Kernel development work is best done outside the UML environment (for reasons of convenience, time, and safety), while kernel testing has to be done inside the UML environment. This means that you occasionally need to copy files back and forth between the two environments, such as your application-layer program spacer.c. Your TAs will help explain this magic to you.

While the incremental development steps indicated above are helpful, you will undoubtedly end up crashing your kernel more than once. In most cases, crashing your UML session pops you back into regular Linux, and you can enter UML (step 2) again easily, either with the same kernel or a slightly improved one. In the worst cases, crashing your kernel means going back to step 1, and starting over from scratch by reinitializing a clean new copy of UML. Shouting "Oh CRAP! Not again!" at this point is very therapeutic, but technically ineffectual. In other words, save your work often so that you don't end up having to redo it too many times.
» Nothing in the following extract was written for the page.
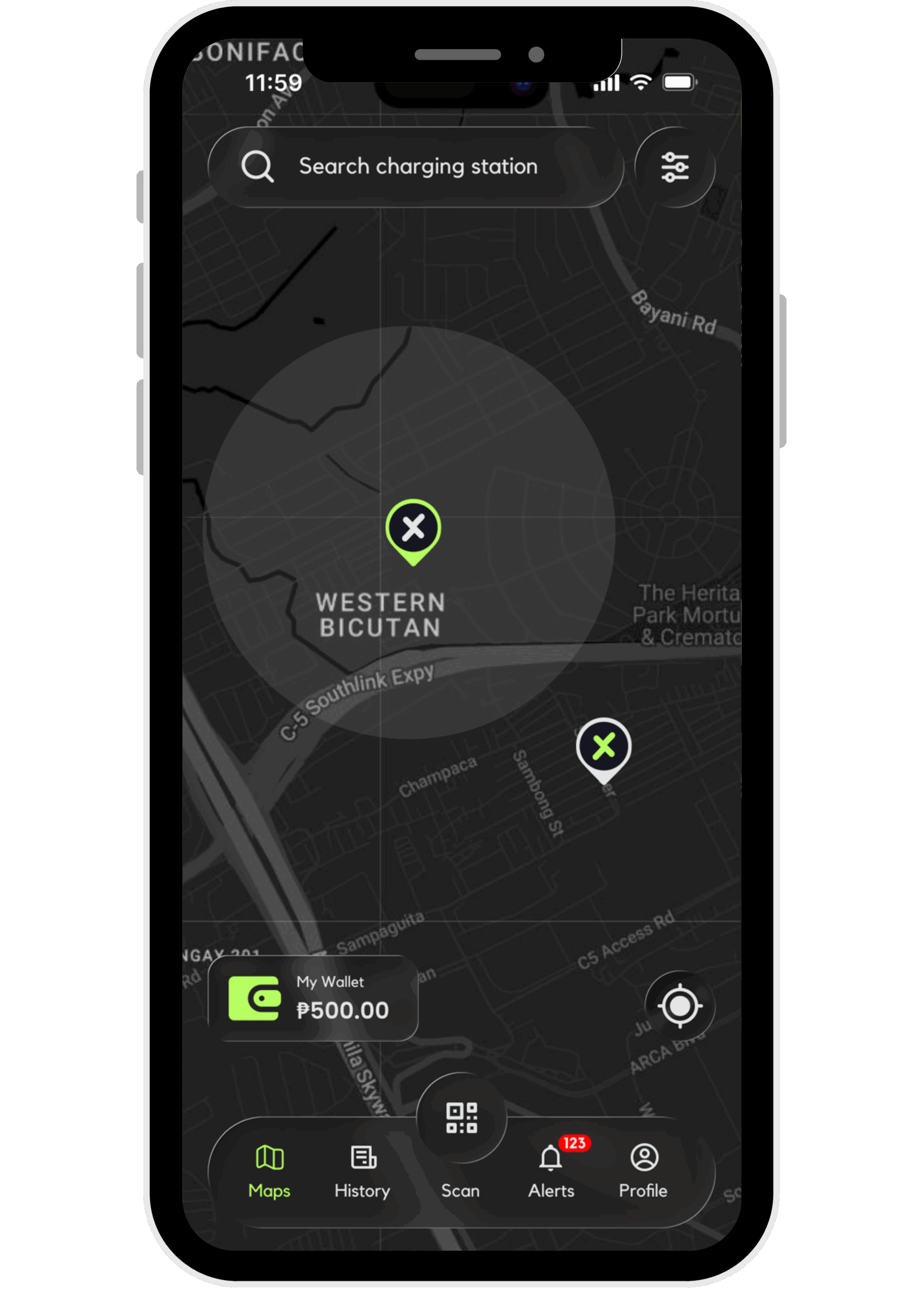 Use the interactive map to explore available chargers near you in real time. Filter by location or charger type.

If you are using departmental servers (e.g., csc, cse, csl) to run UML sessions, please clean up your files in /tmp when you are all done. Each UML session there consumes about 600 MB of disk space, which means that only a few UML users can be active at a time.

Submitting Your Assignment

When you are finished, send your solutions directly to your assigned TA via email, using a single email attachment (e.g., gzipped tar file, including a README file, relevant source code, and sample output). Multiple repeated submissions from the same student are frowned upon, as are multiple email attachments. Please put an appropriate subject line on your email. Submissions must be received on or before the stated submission deadline, otherwise a late penalty of 10% (3 marks) per day will apply.